Je vois très bien, mère. Je crois en réalité qu’elle s’inquiète de la véritable nature de ma relation avec Elleo. Mon demi-frère et moi nous efforçons de lui donner le change, d’adopter le comportement public qu’on attend généralement de deux êtres issus du même ventre, mais c’est une mère, notre mère, elle voit au-delà de nos apparences, elle nous flaire avec le cœur et les tripes, elle brûle en son sein du feu qui nous consume. Si elle ne m’a jamais surprise dans le lit d’Elleo, c’est parce qu’elle se garde bien de toute initiative qui pourrait lui valoir une surprise amère. Au fond d’elle, elle sait que ses deux enfants se sont fourvoyés sur un sentier de perdition, mais, tant qu’elle n’en aura pas eu la confirmation formelle, elle se réfugiera dans l’illusion de son doute pour continuer d’espérer.
Elleo a forcé la porte de mon refuge hier.
Puisque je n’ai plus la possibilité pour l’instant de me retirer dans mon cher caveau d’écriture, je m’enferme régulièrement dans ma chambre dont je bloque la porte avec la barre de bois. Je soulève d’abord la tenture de laine qui occulte l’unique fenêtre de la pièce et contemple les arbres et les toits des maisons voisines, vêtus de leurs dentelles de glace. Le vent exploite les moindres failles pour me cracher son haleine à la face. Le ciel se tend d’un voile gris sombre d’où tombent les cristaux qui crissent et blessent. La plupart des canalisations reliées aux sources ont éclaté et mêlé leur poussière rougeâtre au tapis de pointes acérées qui habille les venelles. Sans l’ingéniosité de nos ancêtres qui ont installé un réseau souterrain d’appoint, nous serions morts de soif et de crasse depuis bien longtemps. Bien que s’écoulant avec une parcimonie sans doute assortie au climat, l’eau d’hivernage couvre l’essentiel de nos besoins. Elle s’invite dans les habitations par un système basé sur le principe des vases communicants. Dans la maison de ma mère, une immense vasque la recueille au pied d’un mur de la pièce principale et se remplit aussitôt que nous la vidons à l’aide de récipients de corne ou d’argile. L’eau d’hiver a un goût prononcé de terre, d’humus (alors que l’eau d’été a une saveur de fruit, la saveur acide et sucrée de la bouche d’Elleo), mais elle est potable et, chauffée dans les grands bacs en pierre disposés de chaque côté du foyer, elle nous permet de temps à autre de renouer avec les joies du bain.

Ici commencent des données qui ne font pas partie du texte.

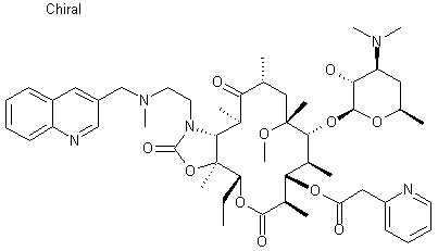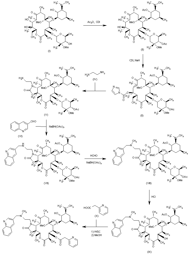 The acetylation of clarithromycin (I) with acetic anhydride gives the diacetate (II), which is acylated with CDI yielding the 12-O-(imidazolylcarbonyl) compound (III). The cyclization of (III) with ethylenediamine (IV) affords the cyclic carbamate (V), which is alkylated by reductocondensation with quinoline-3-carbaldehyde (VI) and NaBH(OAc)3 to give the secondary amine (VII). The methylation of this amine with formaldehyde and NaBH(OAc)3 yields the corresponding tertiary amine (VIII), which is treated with aqueous HCl to provide the descladinosyl compound (IX). Finally, this compound is acylated with 2-(2-pyridyl)acetic acid (X) by means of 1-[3-(dimethylamino)propyl]-3-ethylcarbodiimide (WSC) and deacetylated with methanol to afford the target compound.
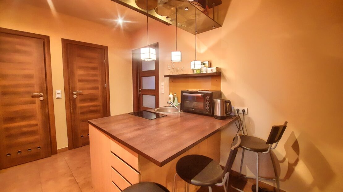Aneks kuchenny umeblowany meblami na wymiar – wyspa, z wbudowanymi sprzętami AGD, zmywarką, kuchenką dwu płytową, lodówką. Nad wyspą zamontowany został sufit podwieszany z wmontowanymi reflektorami halogenowymi. Istnieje możliwość podłączenia większej czteropłytowej płyty grzewczej oraz piekarnika.
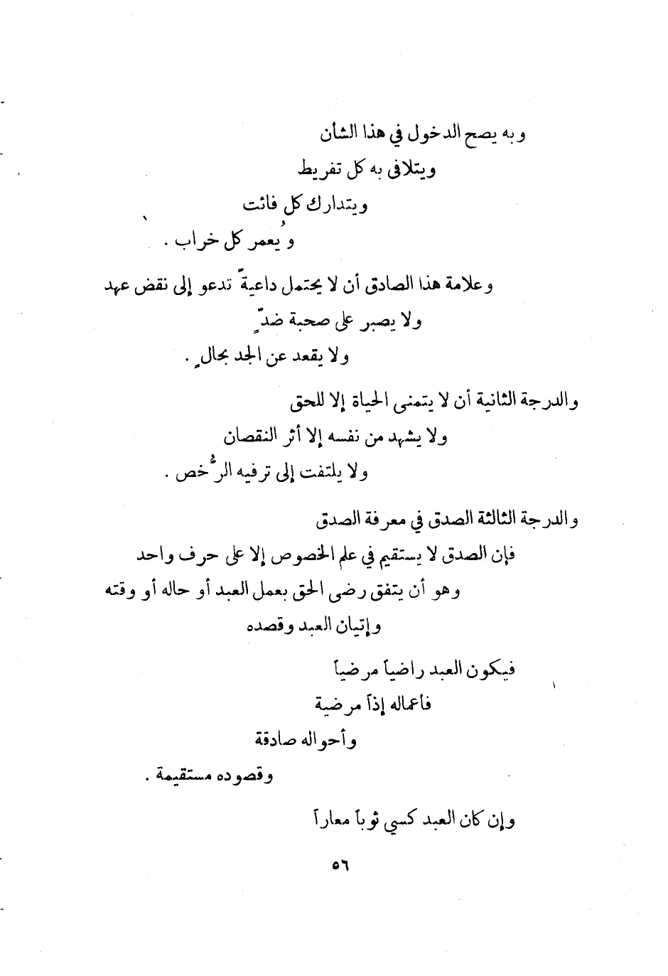 والدرجة الثَّالِثَة الصدْق فِي معرفَة الصدْق فَإِن الصدْق لَا يَسْتَقِيم فِي علم الْخُصُوص إِلَّا على حرف وَاحِد وَهُوَ أَن يتَّفق رضى الْحق بِعَمَل العَبْد أَو حَاله أَو وقته وإتيان العَبْد وقصده فَيكون العَبْد رَاضِيا مرضيا فأعماله إِذا مرضية وأحواله صَادِقَة وقصوده مُسْتَقِيمَة
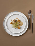 Hochwertiger, mittelgroßer, weißer Dessertteller der Serie OCO ligne noire. Mit einem Durchmesser von 21 cm ist dieser Teller auch perfekt als Frühstücks- oder Kuchenteller einsetzbar. Die schwarze, handgemalte Linie am Rand verleiht dem schlichten, weißen Design dieses Tellers das gewisse Etwas. Alle Teller dieser Serie zeichnen sich durch eine extreme Stoßfestigkeit aus und sind damit perfekt für den Einsatz im Alltag geeignet. Der Dessertteller ist perfekt kombinierbar zu allen anderen Artikeln der OCO Serie.
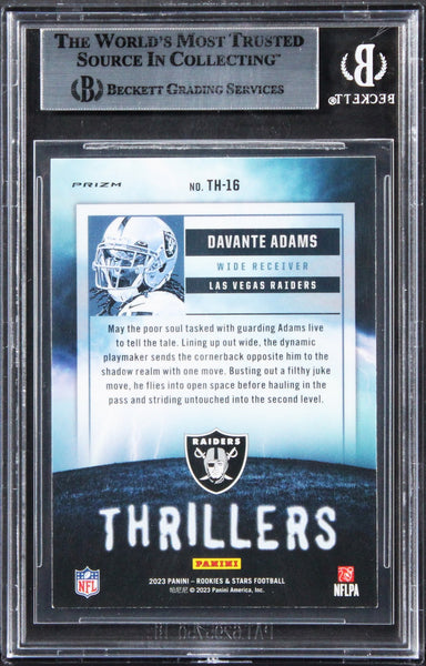 This Autographed 2023 Rookies & Stars Thrillers Silver #16 Card has been Personally Signed by Davante Adams of the Las Vegas Raiders. This item is 100% Authentic, it comes slabbed and authenticated by Beckett Authentication Services. The authenticity can be verified on Beckett Authentication Services website.
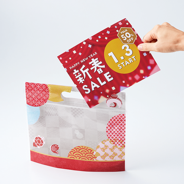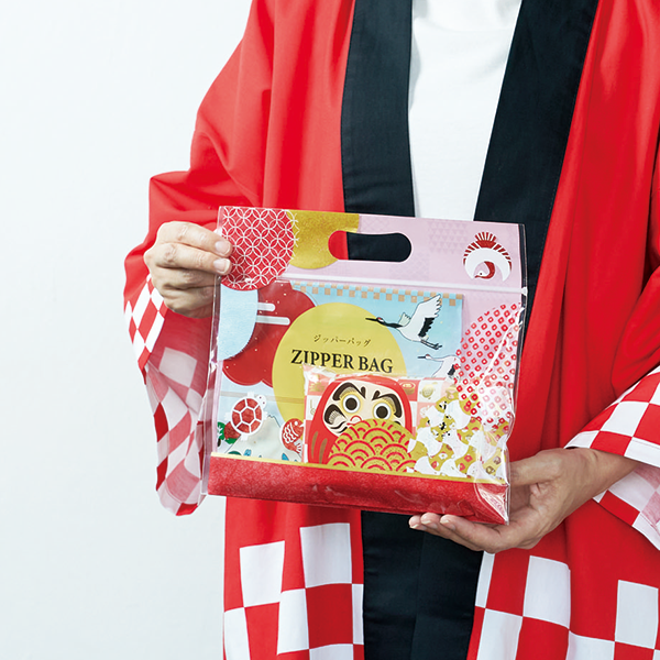 かわいいヨコ型福袋が新登場!!お客様の方でチラシや新製品などをセットしていただくこともできるよう、チャック袋にしました!

Si faible est la lumière de Jael que le jour paraît incapable de se défaire de l’empire de la nuit, que notre monde semble à la dérive sur un océan de néant. Je rabats la tenture, dégage mon nécessaire d’écriture dissimulé derrière deux pierres descellées, puis je m’assois sur mon lit, tends une peau sur son cadre, la pose sur mes genoux et, à la lueur incertaine d’une solarine, m’adonne avec délice à la danse des mots sous ma plume. J’ai beau resserrer les lettres, les intervalles, les lignes, ne pas gaspiller un ongle carré de mes rouleaux de yonk, je crains de manquer bientôt de matière première. Par chance, un jeune tanneur de ma connaissance, du nom de Lézel, récupère des chutes de peaux à l’atelier de son maître et passe la plus grande partie de son temps libre à les assouplir à mon intention. Je le récompense d’un sourire et parfois, lorsqu’il me rapporte plusieurs rouleaux d’un coup, d’un baiser sur la joue. À la manière dont il rougit, dont il se dandine sur ses jambes maigres et interminables, je devine qu’il n’a jamais approché de femme. Je devine également le reproche dans tes yeux, cher lecteur (lectrice), car tu as compris que Lézel me regarde avec les yeux de l’amour (les yeux de l’amour, en l’occurrence, évoquent irrésistiblement le regard éteint d’un yonk domestique) et tu me blâmes d’exploiter sans vergogne des sentiments que tu perçois purs et sincères. Je te répète pour la dernière fois que seule m’intéresse l’insatisfaction qui entraîne le mouvement, et non l’assouvissement qui embourbe dans la certitude.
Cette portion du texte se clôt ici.